I do like marking timber, but my favorite job has been the calf walk-ins on the moose. I was going out in May to check up on the tagged mothers. One time I came in right after she birthed and I was watching this calf trying to get up and take his first steps. That was amazing. I have a kind of love for them (moose) after that project. Winter has been my favorite season. I don’t like bugs and I don’t do well in the heat. There’s something about just being out there in the snow when everything’s quiet and glistening.

Woods talk
Wildlife biologist Will Staats giving a talk to the Dartmouth community, in a clearcut with a large wildlife-seed tree. Photo by Ross Caron.

WILL STAATS lives in Victory, Vermont, with his wife Mel and has two adult children. He has worked closely with Evans on many wildlife-management projects. He recently retired from New Hampshire Fish and Game after 27 years as a wildlife biologist.

I started off my career working for Vermont Fish & Wildlife catching black bears back in the ’80s. I was logging in the wintertime when I wasn’t catching bears and then I worked in Maryland catching Canada geese. Then I came back working full time for Vermont Fish & Wildlife. I then went to work for Champion as an operations forester and their wildlife expert and then ended up with New Hampshire Fish and Game for almost 27 years and worked on the Grant that entire time. I worked with Ed Witt first. Ed and I had a great relationship. It’s a place that’s very well cared for and very well loved by many Dartmouth alumni, in particular.

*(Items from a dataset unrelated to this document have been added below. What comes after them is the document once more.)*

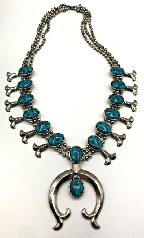 Navajo Native Indian Sterling Silver Turquoise Squash Blossom NecklaceChairish Auctions4.5(10.3k)$1,100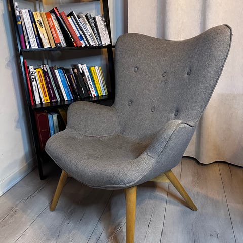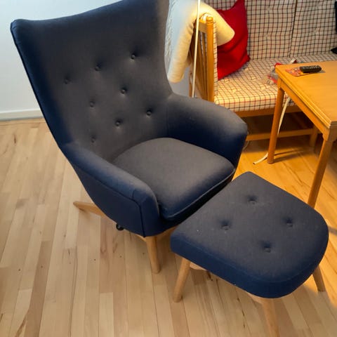 Kare Design lænestol i lys grå stofpolstring med knapdetaljer i ryglænet. Stolen har buede armlæn og højt ryglæn, der giver støtte til ryg og sider. Benene er udført i træ med skrå, let udadgående form. Egnet som læse- eller loungestol i stue, soveværelse eller andre opholdsrum.
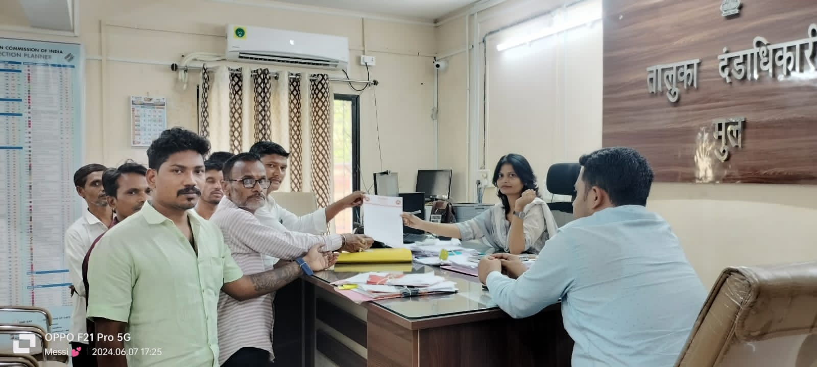 मुल. पिकविम्याचा लाभ अजूनही शेतकऱ्याना मिळाला नसून शेतकरी हवालदिल झाला आहे,तर दुसरी कडे घरकुल मिळाले पण वाळू उपलब्ध नाही म्हणून गोरगरीब उघड्यावर आहेत.आणि शासन प्रशासन मात्र सुस्त आहे.करिता शेतकरी आणि घरकुल धारकांना न्याय मिळवून देण्याकरिता दीं.७.६.२३ रोजी शिवसेना जिल्हा प्रमुख संदीप भाऊ गीऱ्हे यांचे नेतृत्वात शिवसेना तालुका प्रमुख प्रशांत गट्टूवार यांनी शिवसेनेचे शिस्ट मंडळ घेऊन मुल तहसीलदार यांना भेटून निवेदन दिले.

[Dartmouth Grant] is very lucky to have Kevin as their forester because he is forward thinking and holistic in his management approach and that’s where I come in. Kevin and I have been working on wildlife issues on the Grant that entire time. A long association with the Grant for sure and a very special place in my heart, no doubt about it. It’s got a timelessness about it that is unlike any other place in northern New Hampshire. You break through that gate and find yourself in a different world. It really has a very rich history. You go into those cabins and you really step back in time. Many of the alumni are very endeared to the place and have made many memories there over generations. I’ve built many memories there as well. The fact that it’s been under one ownership for over 200 years speaks for that sense of history and that long tenure of stewardship.


Historic pic
Log drive on Swift Diamond River, likely during the 1920s budworm salvage. The four-foot softwood pulp would have been floated down the Androscoggin River to the pulp mill in Berlin, NH. Historical photos courtesy of Dartmouth Archives.
Historic pic
Horse logging with a scoot on the Second College Grant in 1947. Loading logs with a cable crane, 1947.

Early Forests of the Second College Grant

Excerpt from Dartmouth’s Second College Grant: A History
by Jere Daniell and Jack Noon

Before metal axes arrived in the watershed of the Diamonds, red spruce dominated the valleys around scatterings of balsam fir, white cedar, hemlock, and enormous white pines. Occasional white birch along with sugar maple, yellow birch, and beech grew on some of the higher land. In the 1870s, C.H. Huntington reported “a pine on the College grant measuring 54 inches in diameter on the stump. The butt log, 28 feet long, scaled 5,000 {board} feet.” Up the Dead Diamond he told of “a pine cut on the Atkinson Academy Grant which scaled 12,000 feet. It was 7 feet 4 inches in diameter on the stump, and 3 feet 1 inch in diameter 90 feet from the butt.”